He is almost at the Jingshi before he realises that that is where he is headed, and the realisation makes him stop in his tracks. It is late, certainly past midnight. No Lan disciple should be awake at this hour, and definitely not outside! Hanguang-Jun will be asleep, just like everyone else, and even if he is not, Sizhui is not a child anymore. He cannot bother Hanguang-Jun with something as insignificant as bad dreams.

Cheeks burning, he turns around to head back when a soft whistle cuts through the stillness that is Cloud Recesses at night.

"A-Yuan? Is that you? What are you doing here?"

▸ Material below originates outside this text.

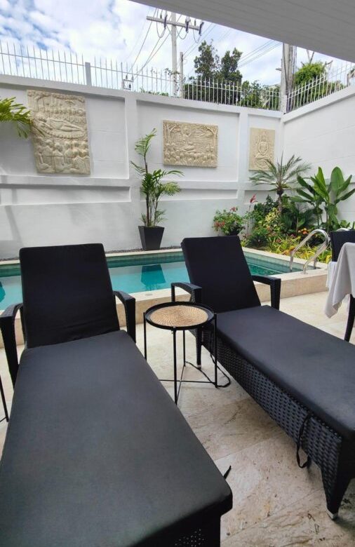 Beautiful modern open-plan villa in a very quiet , convenient and central location which is walking distance to the center of Chaweng as well as spas , hospital , international schools , and supermarkets.

A shadow leaps down from the roof of the Jingshi and lands softly on the ground. Even should he not have recognised the voice, the slight jingle of a Jiang clan clarity bell betrays his identity at once.

"Wei-qianbei!"

"Well, who else would it be? Keep your voice down, Lan Zhan is sleeping."

Wei Wuxian saunters closer, but although his words are those of a reproach, his voice is friendly.

"Come to think of it, you should be sleeping, too" he continues, his voice shifting into his usual teasing tone. "I'm pretty sure it's almost one already. What's a good Lan disciple such as yourself doing out at this time of night?"

"I…" Sizhui flounders and feel his cheeks flush, "I woke up. I had a nightmare."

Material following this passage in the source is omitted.